Według informacji "Głosu Szczecińskiego", do ataku doszło w jednej z sali kinowych. Świadkowie, przywoływani przez gazetę, informowali o "zakrwawionym osobniku", wybiegającym z jednej z sal.

Policja potwierdziła, że "dwie osoby odniosły obrażenia zadane niebezpiecznym narzędziem". Według mundurowych jest to dwóch mężczyzn w wieku ok. 30 lat. - Jeden z mężczyzn został przetransportowany do szpitala przy Unii Lubelskiej. Drugi był w ciężkim stanie i był reanimowany na miejscu. W stanie krytycznym został przewieziony do szpitala przy ul. Arkońskiej. Od razu trafił na stół operacyjny - powiedziała rzeczniczka pogotowia Paulina Targaszewska, cytowana przez Radio Szczecin.

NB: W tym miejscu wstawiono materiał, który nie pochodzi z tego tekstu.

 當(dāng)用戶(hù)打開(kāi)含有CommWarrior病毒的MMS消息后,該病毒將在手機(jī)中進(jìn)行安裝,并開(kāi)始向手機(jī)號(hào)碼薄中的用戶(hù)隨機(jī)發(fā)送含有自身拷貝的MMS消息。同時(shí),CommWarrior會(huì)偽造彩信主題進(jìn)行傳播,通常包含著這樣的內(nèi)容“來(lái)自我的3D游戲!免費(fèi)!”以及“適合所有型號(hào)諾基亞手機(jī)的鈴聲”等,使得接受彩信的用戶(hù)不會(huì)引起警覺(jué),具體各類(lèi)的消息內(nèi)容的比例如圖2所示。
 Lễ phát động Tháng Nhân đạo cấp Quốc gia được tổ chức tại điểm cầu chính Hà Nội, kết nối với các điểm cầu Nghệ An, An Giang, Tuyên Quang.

- Policjanci są na miejscu i wykonują czynności mające na celu ustalenie okoliczności zdarzenia i jego przyczyn. Ustalamy i rozpytujemy świadków zdarzenia - powiedziała Irena Kornicz z zachodniopomorskiej policji.

Do ataku doszło po godz. 17.00 na świątecznym filmie. W czasie seansu sala była wypełniona dziećmi.

Funkcjonariusze zatrzymali 26-letniego sprawcę, którego na miejscu obezwładnili widzowie. Napastnik zostanie przesłuchany w poniedziałek w prokuraturze.